Exparel Reduces Need for Opioids Following Surgery for Gynecologic Malignancies

A recent study showed that women being treated for gynecologic malignancies can reduce their need for opioids by receiving Exparel.
BY Brielle Urciuoli
PUBLISHED March 29, 2016
Reducing or eliminating the need for opioids following major surgery for gynecologic malignancies is becoming increasingly possible, according to results from a new study.

The study showed that in a population of nearly 200 women, Exparel (bupivacaine liposome injectable suspension) was similarly effective in reducing pain compared with bupivacaine HCL, but reduced ileus, nausea and the need for patient-controlled analgesia and rescue IV opioid use.

“Basically, it means patients need less narcotics and still have the same pain scores,” said Sean C. Dowdy, professor and chair, Division of Gynecologic Surgery at the Mayo Clinic College of Medicine.

The study, which was conducted at the Mayo Clinic in Rochester, Minnesota, looked at patients undergoing staging laparotomy (72 patients; hysterectomy, lymphadenectomy and omentectomy) or complex cytoreductive surgery (121 patients; staging laparotomy with extensive cytoreduction).
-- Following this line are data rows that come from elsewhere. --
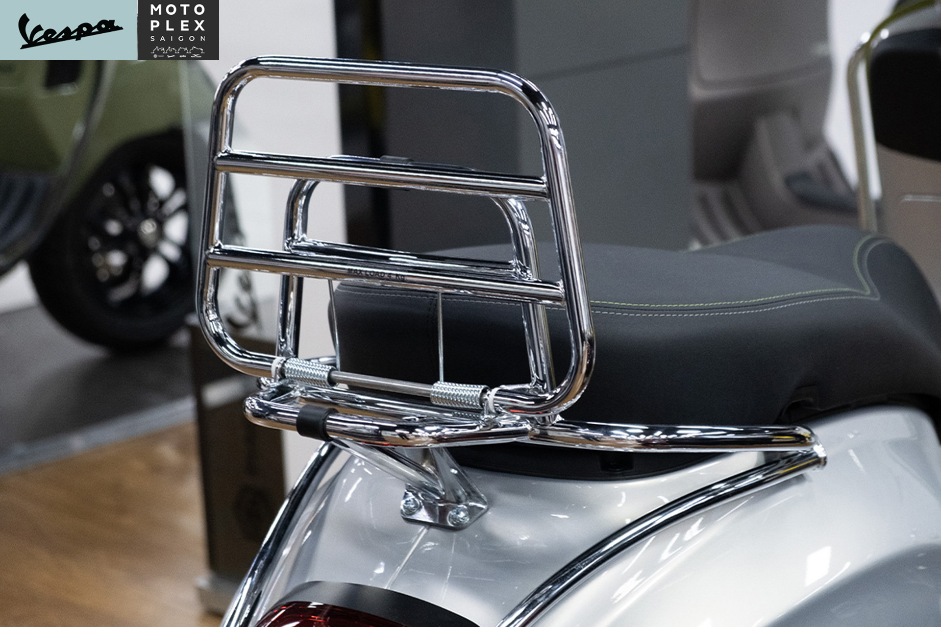 Baga sau màu chrome được thiết kế có thể gập lại linh hoạt, giúp chiếc xe luôn giữ được dáng vẻ thanh thoát. Khi cần chở đồ, baga mở ra chắc chắn, tiện dụng. Khi không sử dụng, chỉ cần gập xuống, phần đuôi xe trở lại vẻ đẹp nguyên bản tinh tế, gọn gàng và rất Vespa.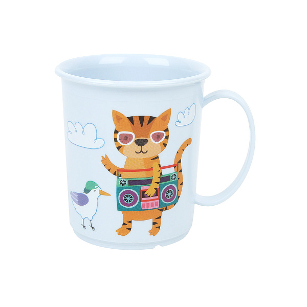 Кружка объемом 180мл предназначена для малышей и привлекает их внимание рисунком с тигром. Посуду можно использовать для холодных и горячих напитков, температура которых не более 40 градусов. Ручка на кружке широкая, благодаря чему малышу удобно держать ее. Ребенок сможет попить самостоятельно, удерживая посуду маленькими пальчиками. Чашка не разобьется при случайном падении и имеет небольшой вес. Для изготовления применяется пластик, в составе которого нет бисфенола А.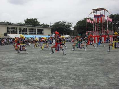 昨日は荒天のため残念ながら中止となってしまいましたが、本日は何とか1時間前倒しという形で開催をすることができました。準備は9時頃から、やぐらの会、町会、おやじの会の方々、そして本校の教職員を中心に手際よく進められました。本当にたくさんの方々の熱意が結晶して開かれる町のお祭りだと実感しました。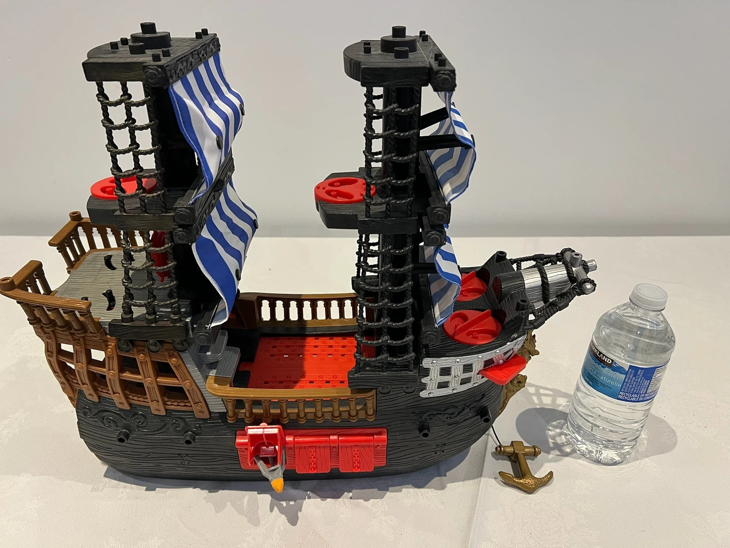 This is a Fisher-Price pirate ship toy. It's made of plastic and comes with a golden anchor accessory. It features two masts with blue and white striped sails.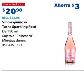 Vino espumoso Tasha Sparkling Rosé De 750 ml. Sujeto a "Raincheck". Mientras duren. #984151939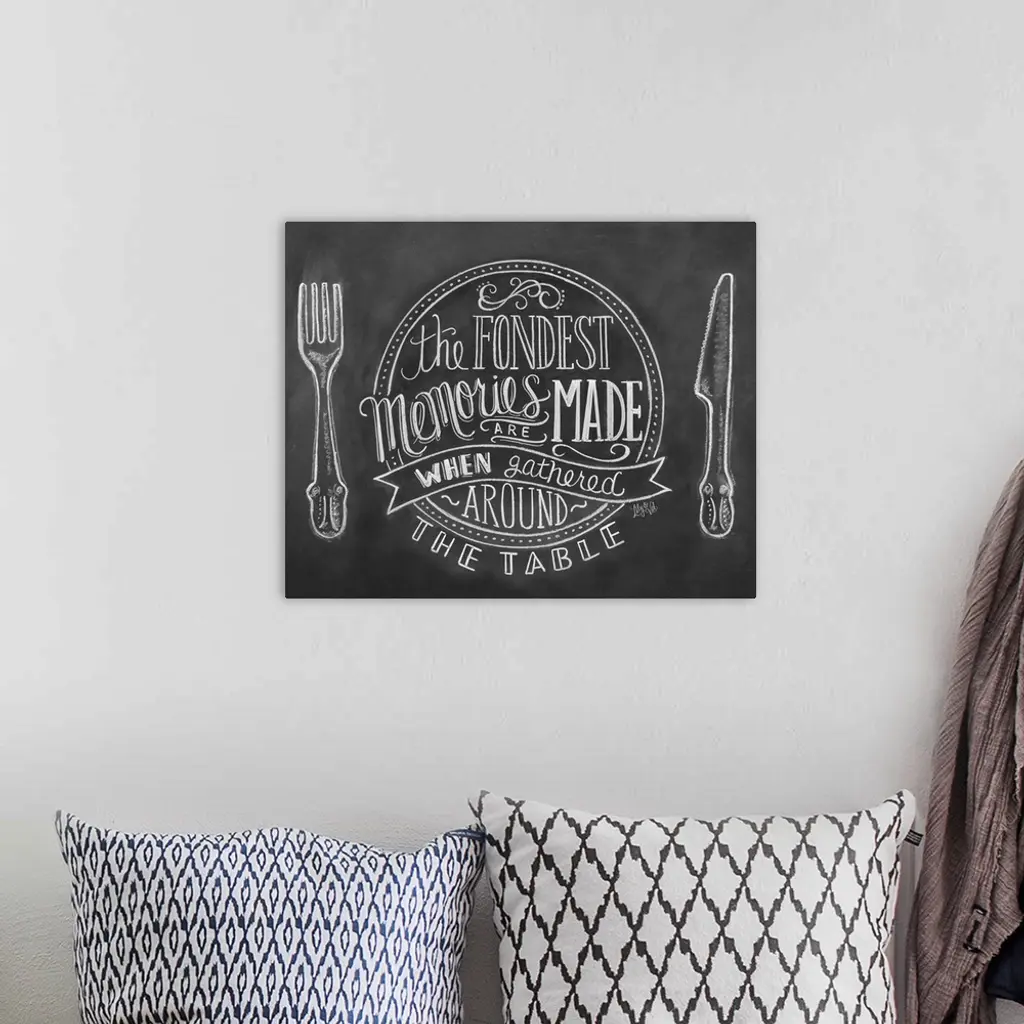"The fondest memories are made when gathered around the table" handwritten and illustrated with a knife and fork.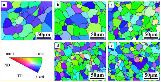 EBSD of as-extruded Mg–Al alloy (a) Mg, (b) Mg–1Al, (c) Mg–2Al, (d) Mg–3Al, (e) Mg–4Al.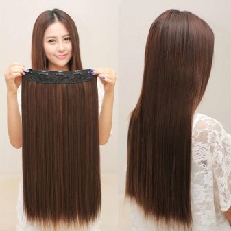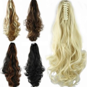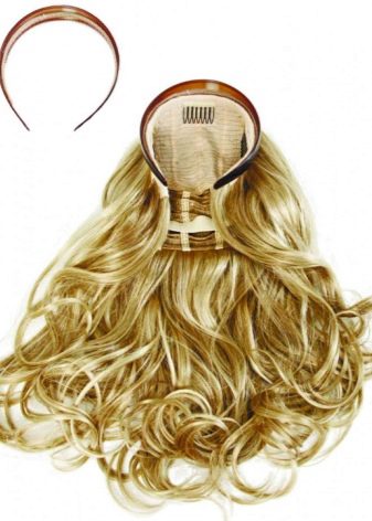 There are only three types of false hair: a wig, a chignon and hair for extension in the form of overhead strands. Chignons can be produced in the form of braids, tails, beams, and many other options. Artificial hair can be mounted on large rubber bands or hairpins and imitate a bezel. Laid on strands are available in the form of ribbons and bundles. The latter can be increased by any means.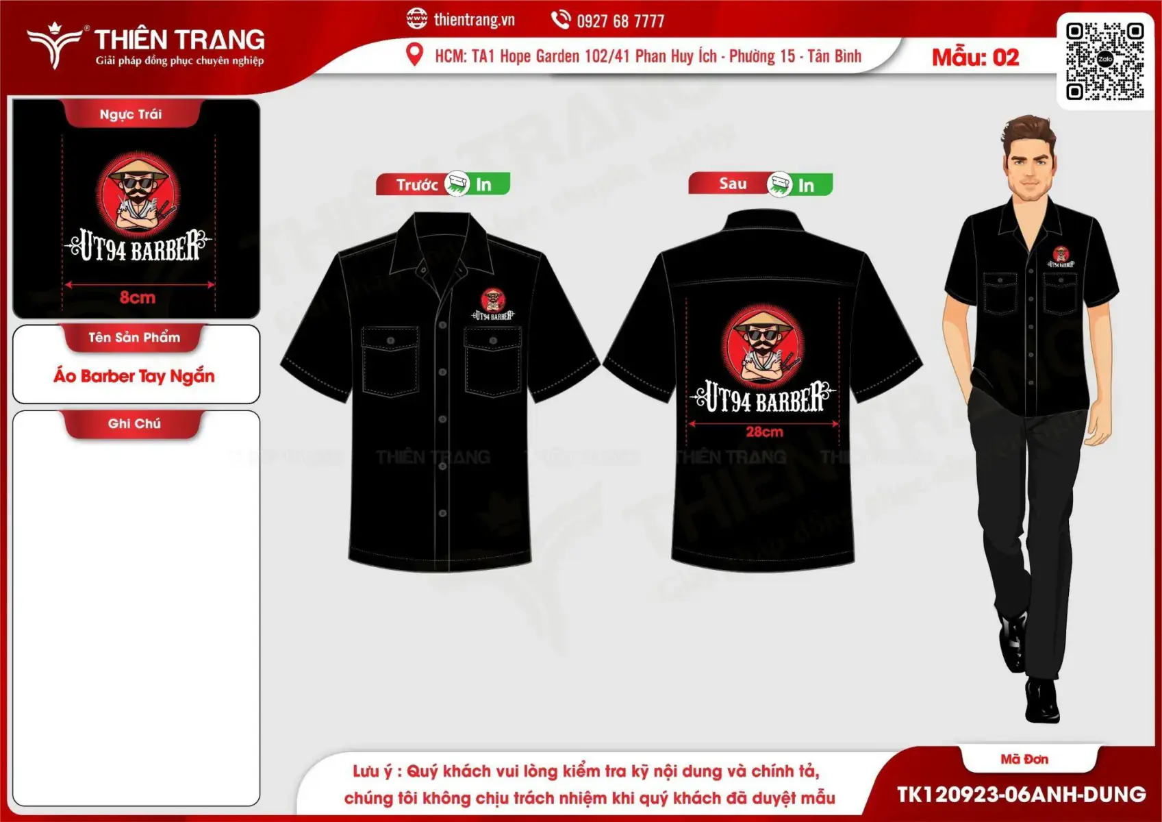 Maket áo barber tay ngắn thương hiệu UT94 barber Được xuất bản vào 19/09/2023 tại 1697 × 1200 trong Mẫu thiết kế đồng phục UT94 Barber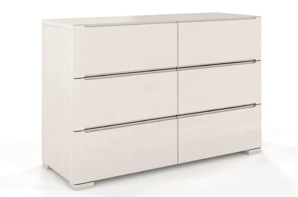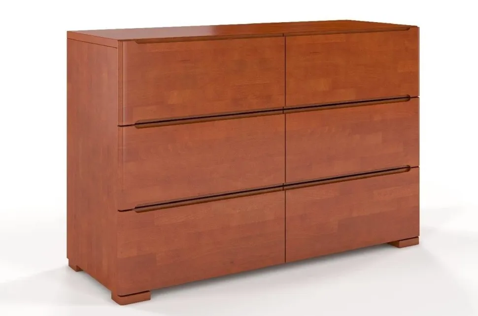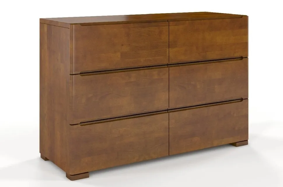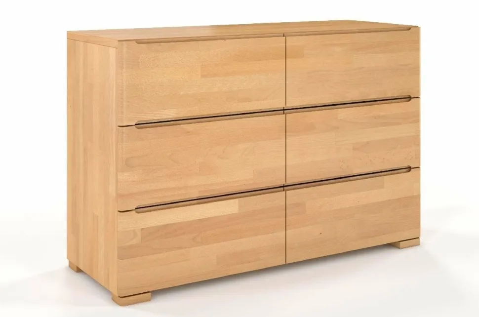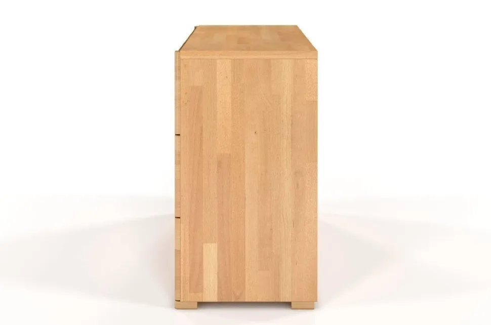 Komoda SPARTA wspiera się na subtelnych, ale niezwykle mocnych nogach, które dbają o jej stabilność. Narożniki nóg i boczne krawędzie komody zostały zaokrąglone, dodając opływowego kształtu i lekkości, jednocześnie podnosząc bezpieczeństwo mebla. Aby pogodzić wizualną skromność modelu i użytkową potrzebę wygody, uchwyty to frezowane wycięcia w krawędziach szuflad.Materiał: lite drewno bukoweWykończenie drewna: bejca + ekologiczny lakier wodnyDno szuflady: płyta HDF (standardowa płyta wykorzystywana do wykonywania dna szuflad w meblach)Prowadnice w szufladach: z systemem cichego domyku i hamulcem – szuflada zwalnia podczas zamykania, domykając się cichoUchwyty w szufladach: brak; wycięcia w krawędziach szufladŁączenie elementów mebla: śruby; metalowe okucia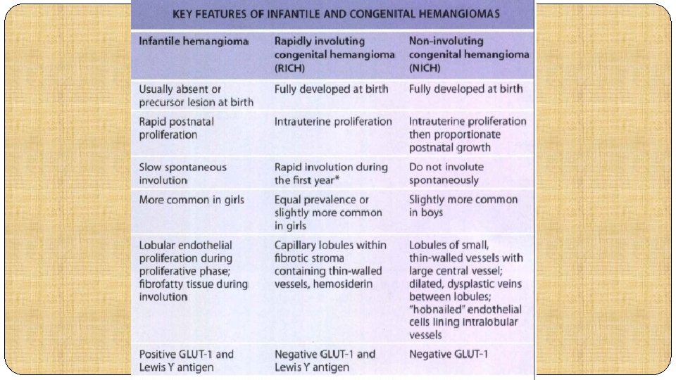NICH lesions; ØThey consist of the classic telangiectatic patch with surrounding slight pallor. Ø unlike infantile HMs, grow proportionately with the child. ØThe lesions may worsen with maturity and do not involute spontaneously. ØThe diagnosis is often established retrospectively after the lesion is excised because involution fails to occur.
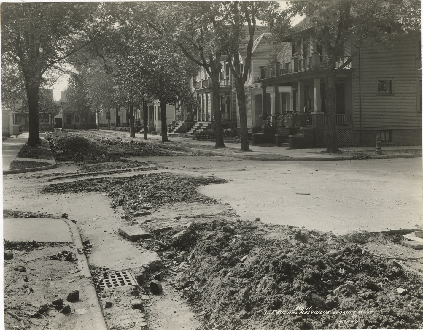 View of water main work at St. Paul Ave. and Belvidere Ave. in Detroit. Wooden-frame houses in background. Printed on front: "No. 11. St. Paul and Belvidere looking west." Stamped on back: "Manning Bros., commercial photographers. 504-505 Lincoln Building. Corner State and Park Sts., Detroit, Mich."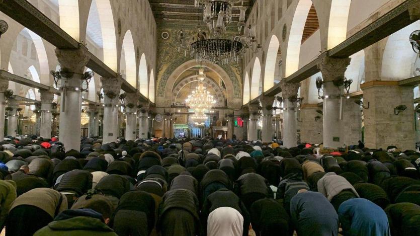 أدى نحو 20 ألف مصلٍّ صلاتي العشاء والتراويح في رحاب المسجد الأقصى المبارك، مساء اليوم الأربعاء.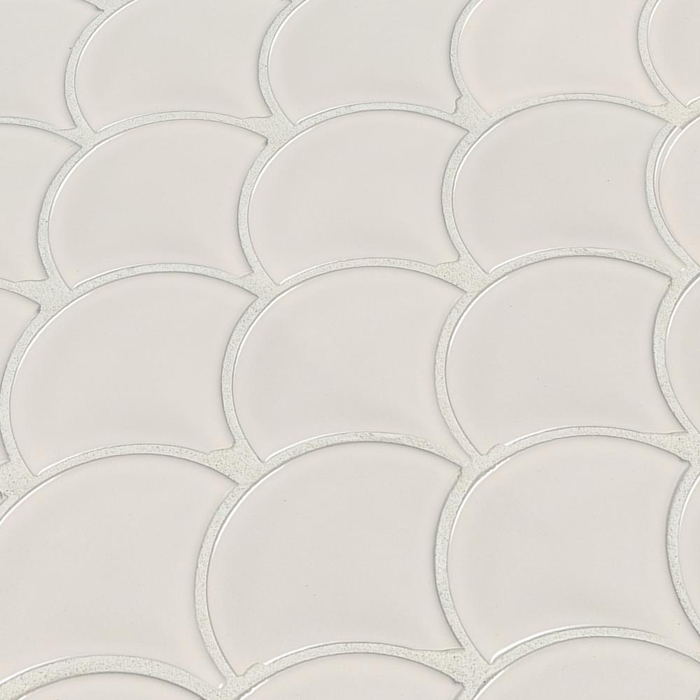 Mix and match white Glossy Fish Scale tiles with other tiles from MSI’s Domino Collection for easy to achieve designer looks. These tiles are mounted on mesh-backed sheets for simplified installation and a professional finish.
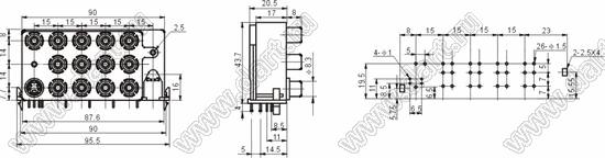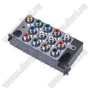 Каталог > Электронные компоненты, радиодетали > Разъёмы (соединители, переходники) > Разъемы аудио-видео > Разъемы RCA («тюльпан») > гнезда RCA > Блоки гнезд RCA "тюльпан" и мини-DIN > R13-AS01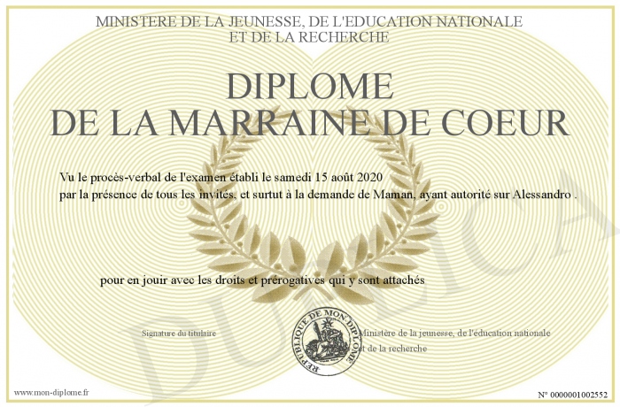 Envoyez par email votre Diplôme de la Marraine de coeur personalisé

Researchers compared the recoveries of women receiving Exparel via injection with those who received bupivacaine HCL. Cumulative pain scores (CPS) were monitored for 48 hours.

“What we did here was rather than randomize, we just made a practice change and compared the results to what we were doing before,” Dowdy said.

In the complex cytoreductive group, pain scores were no different between patients treated with Exparel and bupivacaine HCL at 24 and 48 hours. Among those treated with Exparel, usage of oral morphine equivalents was lower through 24 hours (30 vs 54 mg), 48 hours (38 vs 83 mg) and the remaining length of stay (62 vs 101 mg).

The proportion of patients who were “opioid- and tramadol-free,” according to the study’s abstract, was higher in the Exparel cohort at 24 hours (19 vs 12 percent), 48 hours (40 vs 28 percent) and remaining length of stay (39 vs 26 percent).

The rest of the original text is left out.